◆ **Problem description**:
The answer is the line containing "原文:【绿洲游戏回应《莎木3" plus every line after it to the end of the material, retyped exactly and without the pictures.

◆ **Input data**:
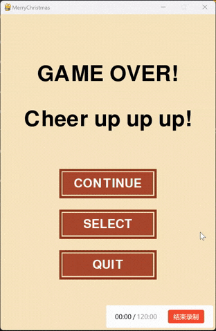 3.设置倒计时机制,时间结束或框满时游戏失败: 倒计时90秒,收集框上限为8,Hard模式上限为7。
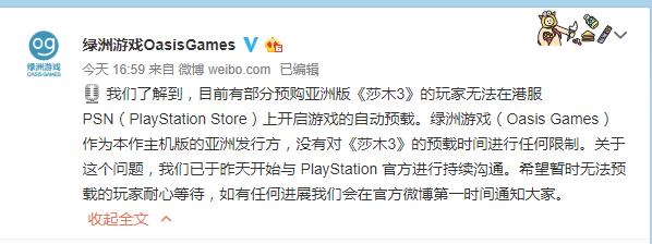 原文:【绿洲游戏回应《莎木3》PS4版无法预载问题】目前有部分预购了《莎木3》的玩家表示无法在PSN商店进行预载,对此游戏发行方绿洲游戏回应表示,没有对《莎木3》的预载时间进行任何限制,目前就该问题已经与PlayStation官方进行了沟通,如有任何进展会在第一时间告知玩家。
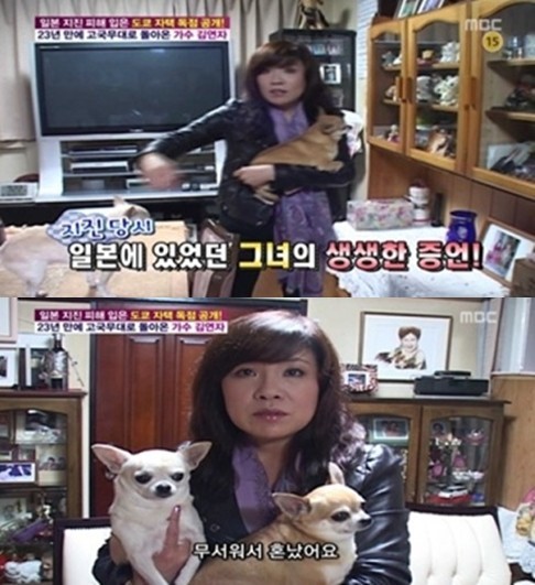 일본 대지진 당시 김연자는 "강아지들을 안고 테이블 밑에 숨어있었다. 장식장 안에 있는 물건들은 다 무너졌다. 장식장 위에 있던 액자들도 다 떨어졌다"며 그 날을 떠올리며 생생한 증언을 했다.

◆ **Answer area**:
 原文:【绿洲游戏回应《莎木3》PS4版无法预载问题】目前有部分预购了《莎木3》的玩家表示无法在PSN商店进行预载,对此游戏发行方绿洲游戏回应表示,没有对《莎木3》的预载时间进行任何限制,目前就该问题已经与PlayStation官方进行了沟通,如有任何进展会在第一时间告知玩家。
 일본 대지진 당시 김연자는 "강아지들을 안고 테이블 밑에 숨어있었다. 장식장 안에 있는 물건들은 다 무너졌다. 장식장 위에 있던 액자들도 다 떨어졌다"며 그 날을 떠올리며 생생한 증언을 했다.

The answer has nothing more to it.